CORRESP 1 filename1.htm CORRESP

Sorrento Therapeutics, Inc.

4955 Directors Place

San Diego, California 92121

July 13, 2021

VIA EDGAR

Securities and Exchange Commission

100 F Street, NE

Washington, D.C. 20549-0406

 

  Re:

Sorrento Therapeutics, Inc.

Registration Statement on Form S-3, Filed on June 25, 2021

File No. 333-257412

Ladies and Gentlemen:

Pursuant to Rule 461 under the Securities Act of 1933, as amended, Sorrento Therapeutics, Inc. (the “Company”) hereby requests that the effectiveness of the Registration Statement on Form S-3 (Registration No. 333-257412) of the Company (the “Registration Statement”), filed with the Securities and Exchange Commission on June 25, 2021 be accelerated so that such Registration Statement shall become effective at 4:30 p.m. (Eastern Time) on July 15, 2021, or as soon as possible thereafter.
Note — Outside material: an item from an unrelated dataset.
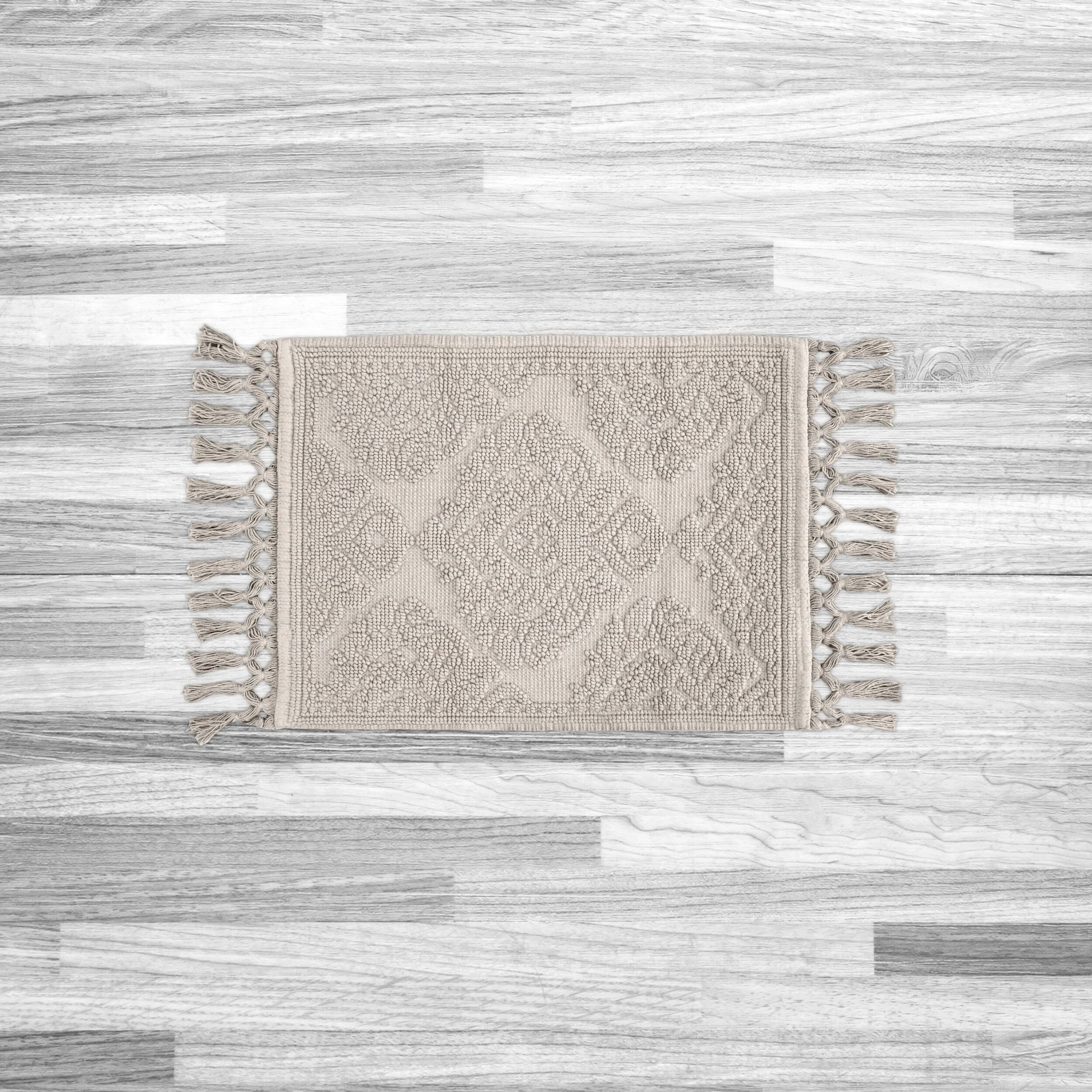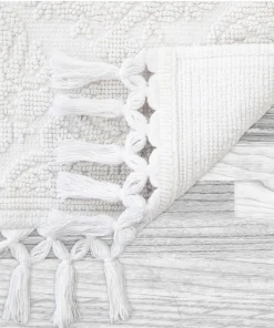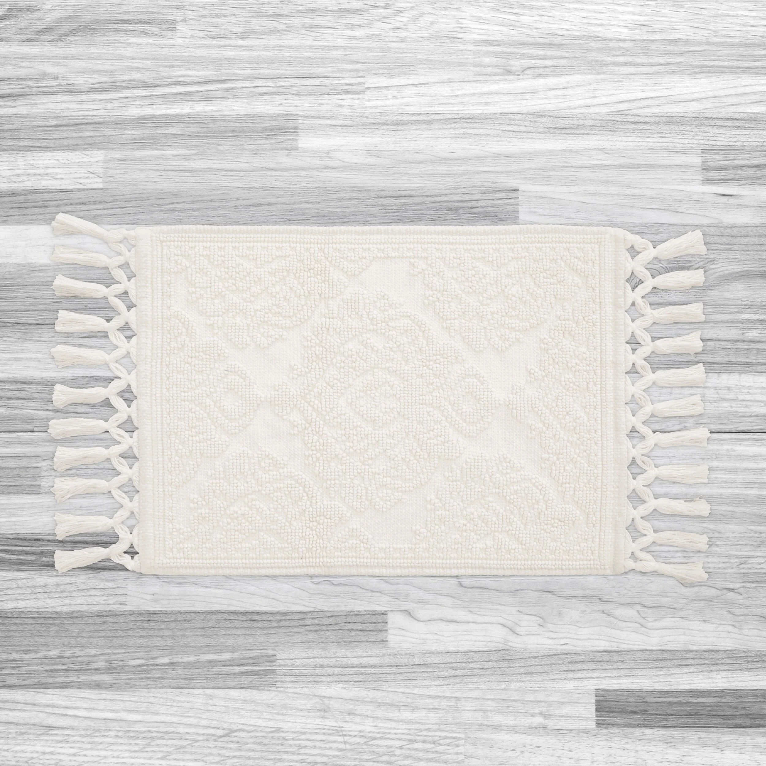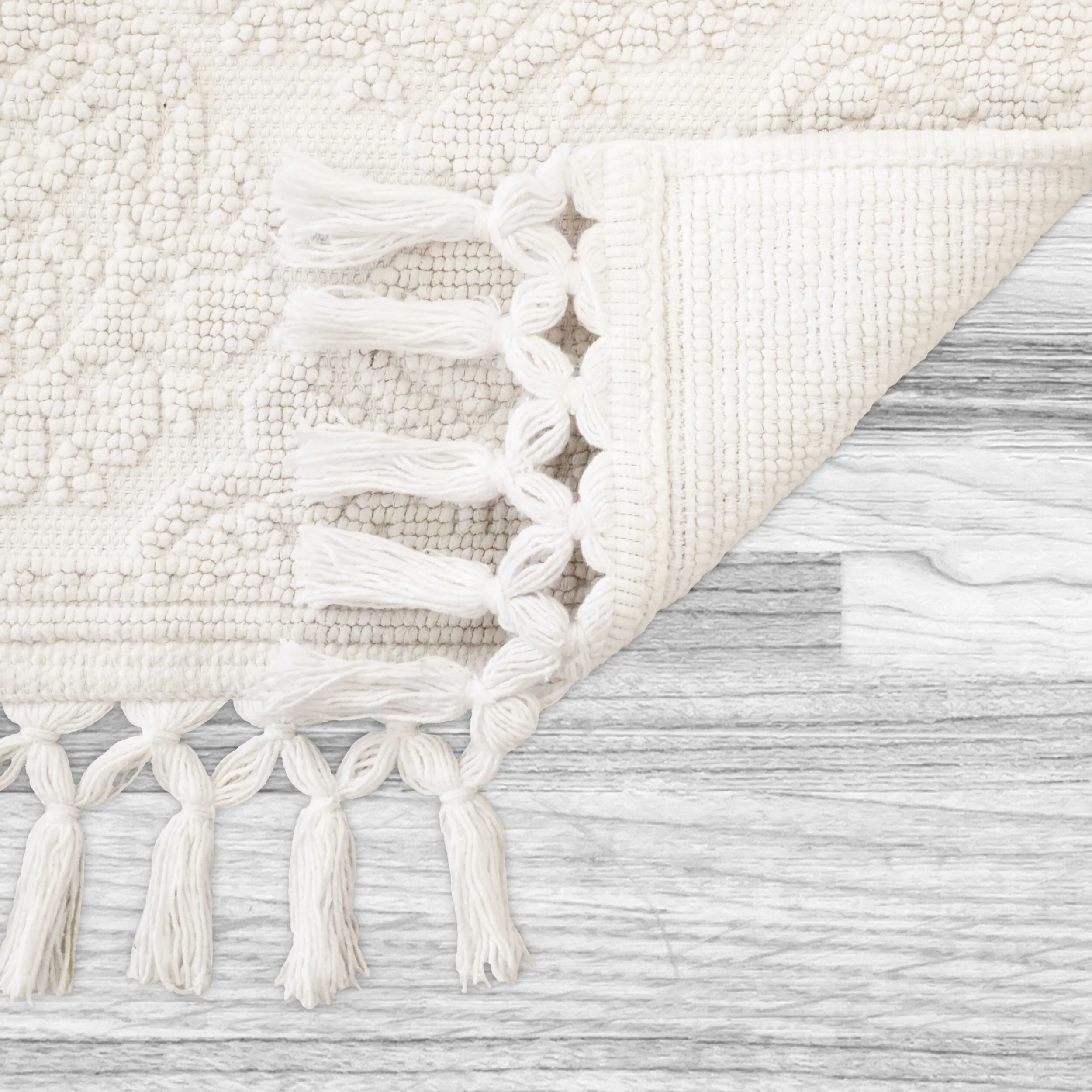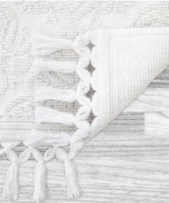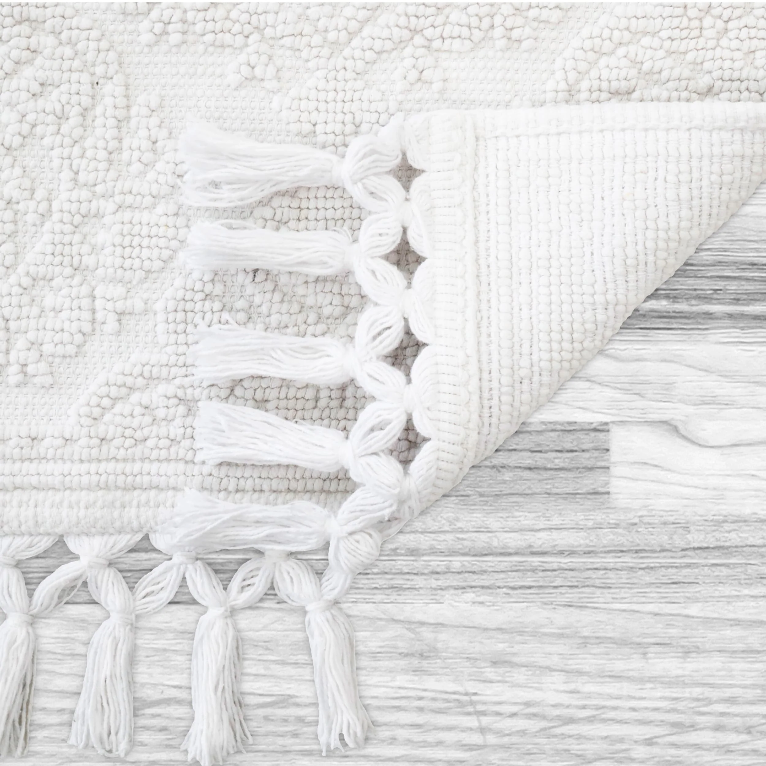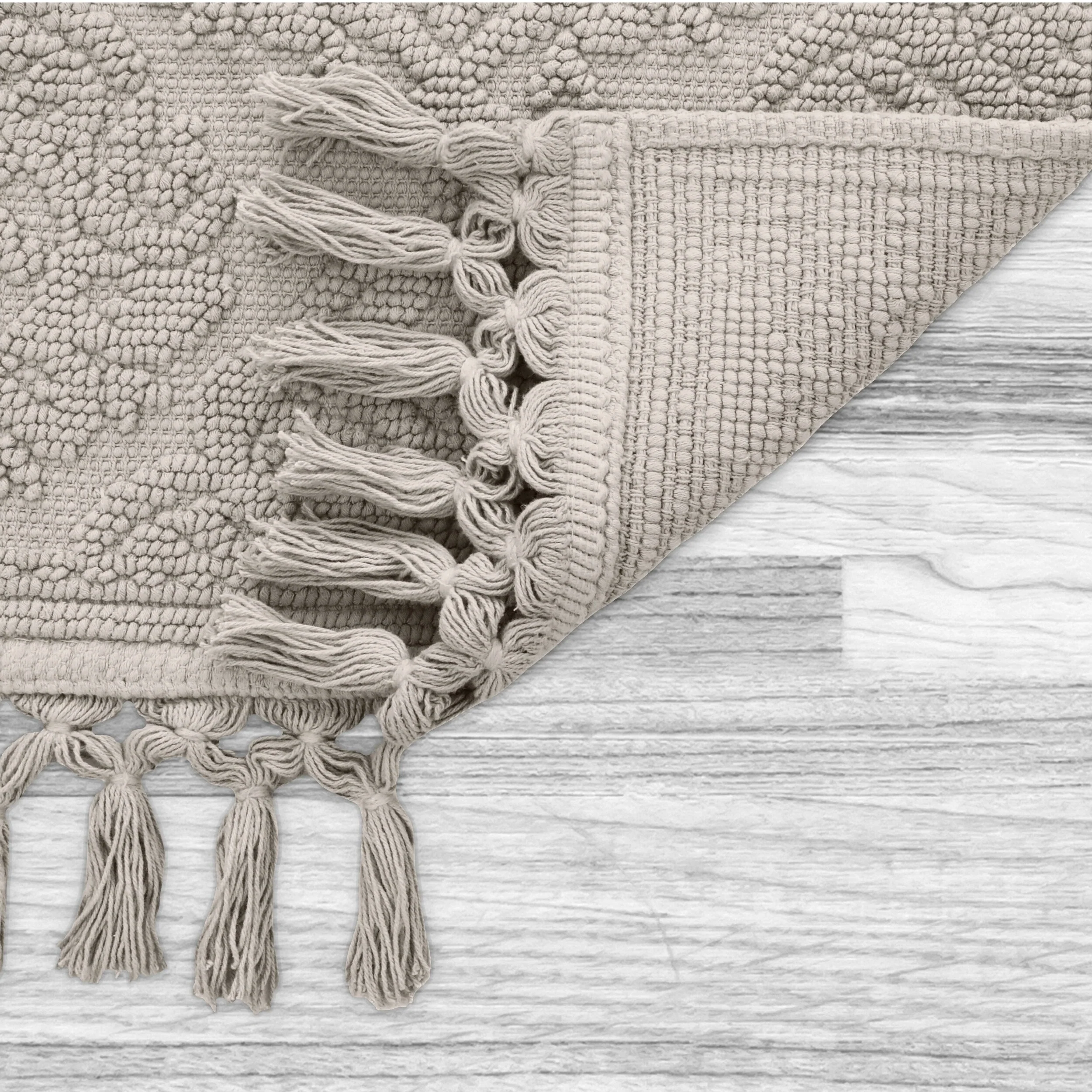 This Jean Pierre Collection is the perfect addition to your home with its cozy, bohemian and decadently soft bath rugs. Crafted with a geometric fashionable design that has a super soft and dashing knotted fringe tassels on both sides creating the perfect look that will never go out of style. Constructed with a tufted 100% cotton material, creating a soft to the touch experience that is thick and absorbent. This collection is available in many styles and sizes, making it the perfect addition to your home. It easily pairs with similar tones and patterns as well as different textures. When cleaning this natural bath rug, we recommend machine wash cold.

There are no underwriters for this proposed offering, which is an offering of the Company’s common stock by selling stockholders.

The Company hereby confirms that it is aware of its responsibilities under the Securities Act of 1933, as amended, and the Securities Exchange Act of 1934, as amended, as they relate to the proposed offering of the securities specified in the Registration Statement.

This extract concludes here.